DoWhy is a Python library for causal inference that supports explicit modeling and testing of causal assumptions. DoWhy is based on a unified language for causal inference, combining causal graphical models and potential outcomes frameworks.
Pros of DoWhy
- Focuses on causal inference and effect estimation
- Provides a unified framework for causal reasoning
- Supports various causal inference methods and estimators
Cons of DoWhy
- Steeper learning curve for users new to causal inference
- Less emphasis on automated exploratory data analysis
- Requires more manual configuration for analysis tasks
Code Comparison
DoWhy:
import dowhy
from dowhy import CausalModel
model = CausalModel(
data=data,
treatment='treatment_column',
outcome='outcome_column',
graph=causal_graph
)
identified_estimand = model.identify_effect()
estimate = model.estimate_effect(identified_estimand)
Sweetviz:
import sweetviz as sv
report = sv.analyze(dataframe)
report.show_html()
DoWhy is designed for causal inference and requires more setup, including specifying the causal graph and treatment/outcome variables.
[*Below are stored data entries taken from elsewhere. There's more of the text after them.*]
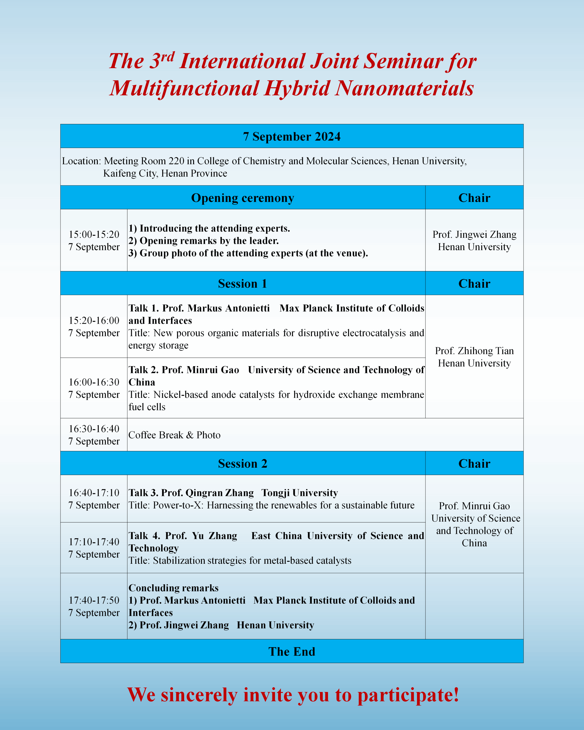 The 3rd International Joint Seminar forMultifunctional Hybrid Nanomaterials(时间:9月7日)
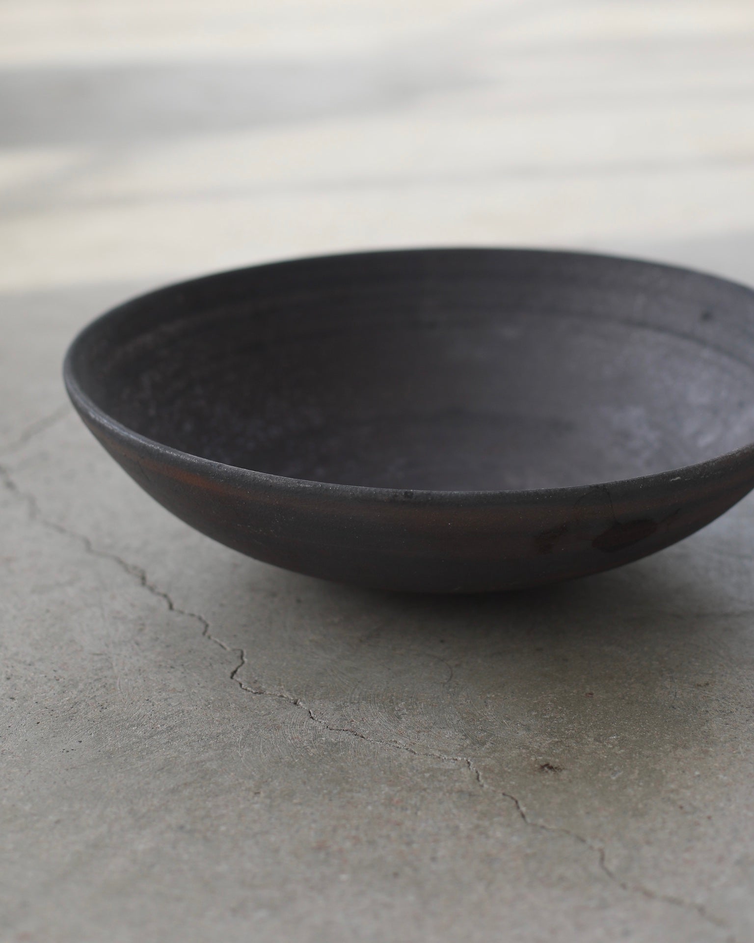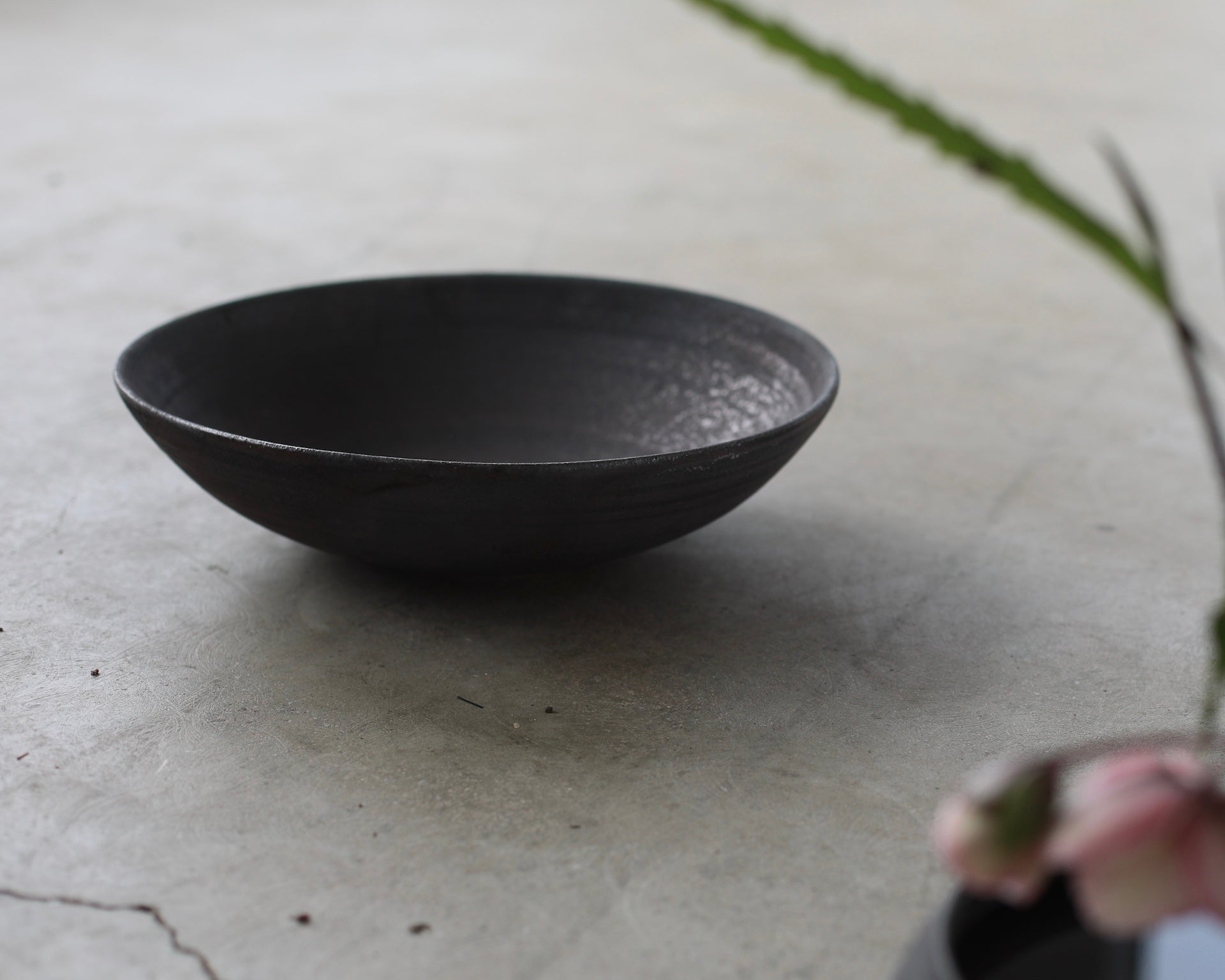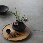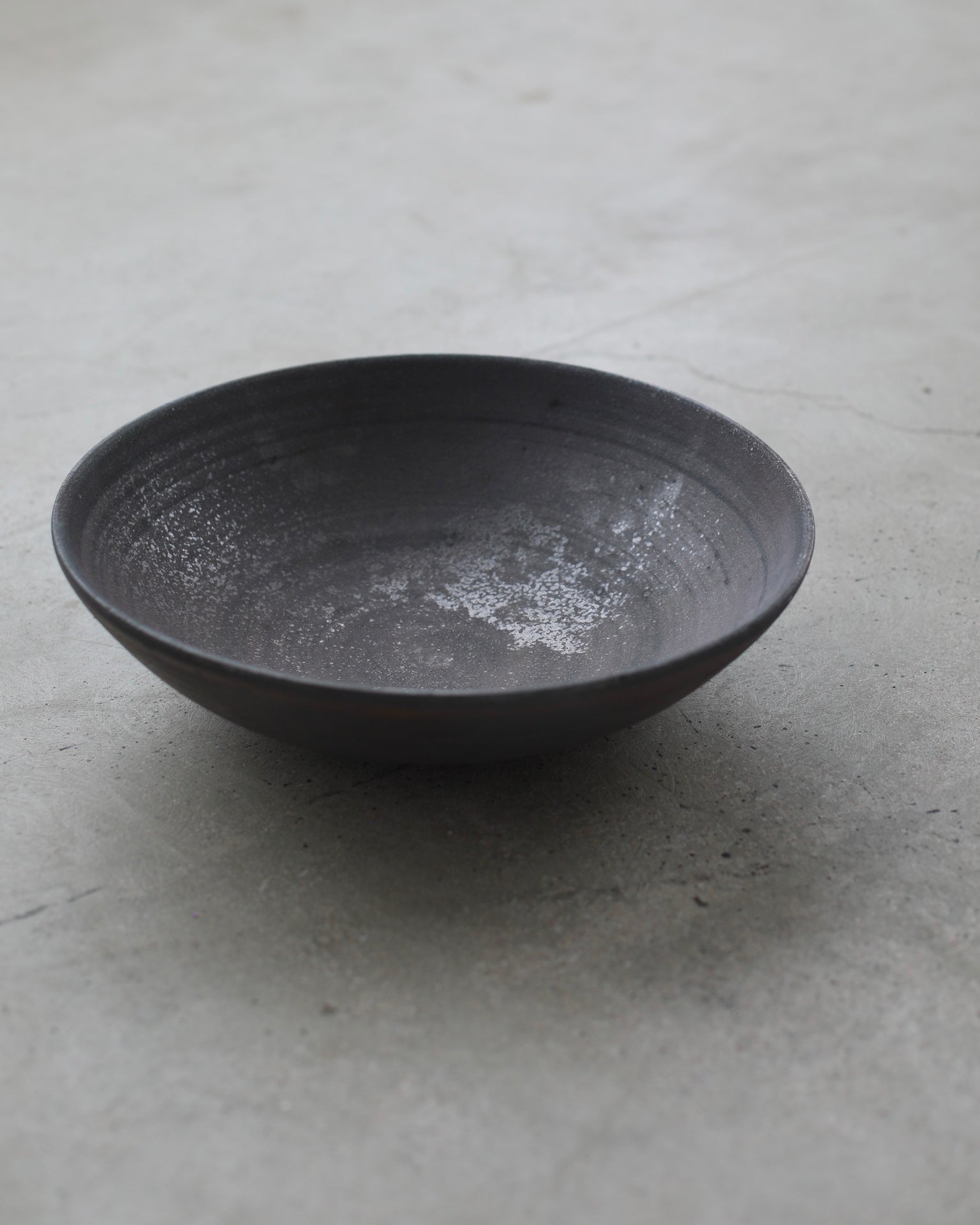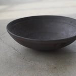 A wide, round bowl crafted from Anagama-fired Cornish stoneware, featuring an iron wash that enriches the surfac. The matte finish, in a sophisticated dark grey, is gently enhanced by metallic moments within the glaze, creating contemplative beauty within the piece.
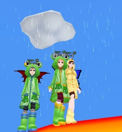 ちい吉さん、ヒロボウさんとレインコートで雨に打たれたり・・・
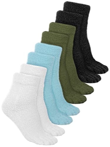 Bencailor 4 par damtåstrumpor färgglada tåseparatorstrumpor luddig varm fem tåstrumpor för kvinnor vinter löpning, Svart, vit, grågrön, ljusgrå, 15-18
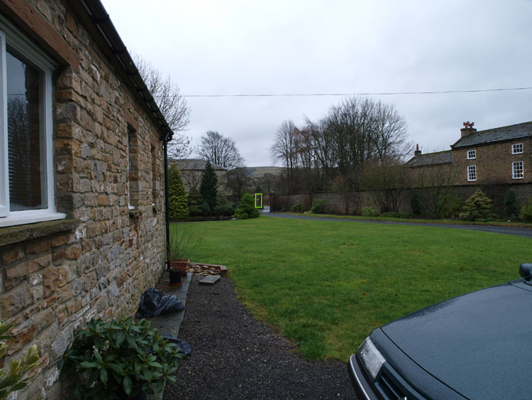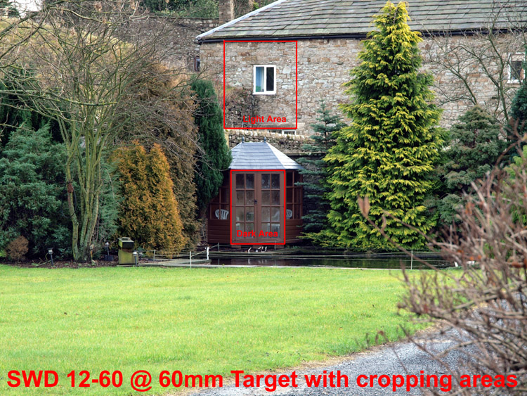 The second test should clear up any misgivings. The lens tested is free of any back/front focus issues. Let's proceed with the remaining tests and see how good, or otherwise, the new lens performs. SWD12-60mm LENS TESTING - METHOD: I try and maintain some consistency in my methodology; not that it needs much explanation nor is it complex. The camera is mounted on a tripod that does not move between shots. The tripod position is marked so I can repeat the test from exactly the same place over time. Any apparent optical differences observed in the results for different lenses is down to lens position on the mount and internal configuration as the tripod head is completely static for each series of shots. The camera is switched off for each lens change. I used the hood as it was raining lightly. For this series of test shots I used the following: * E-3 body mounted on tripod and shutter activated by RM1. * The settings on my E-3 are reset to default for these tests except: * Camera (basic) settings: ISO 200; LF; WB=AUTO, ESP, SAF+MF, * I do not use RAW; highest quality JPG's seem the most appropriate output file. * The results posted below are straight from the camera and not altered other than cropping and re-sizing for the web. TEST ONE: SWD 12-60mm versus ZD14-54mm wide open: The object of the test is to show how good (or bad) each of the accepted 'kit' lenses are against my standard target of the stone pillar with the small stone sign that reads DRAYCOTT HALL. Distance to target from tripod is approx 180 ft. Today is cloudy and overcast but reasonably bright. It was raining lightly when I started but this petered out later. The lighting did not change.

Sweetviz, on the other hand, focuses on automated exploratory data analysis and generates reports with minimal configuration.
While DoWhy provides powerful tools for causal reasoning, Sweetviz offers quick and easy data visualization and summary statistics. The choice between the two depends on the specific analysis needs and the user's familiarity with causal inference concepts.
Always know what to expect from your data.
Pros of Great Expectations
- More comprehensive data validation and testing capabilities
- Supports multiple data sources (databases, APIs, cloud storage)
- Extensible with custom expectations and plugins
Cons of Great Expectations
- Steeper learning curve and more complex setup
- Requires more code and configuration for basic tasks
- Heavier resource usage for large datasets
Code Comparison
Sweetviz:
import sweetviz as sv
report = sv.analyze(df)
report.show_html()
Great Expectations:
import great_expectations as ge
context = ge.get_context()
suite = context.create_expectation_suite("my_suite")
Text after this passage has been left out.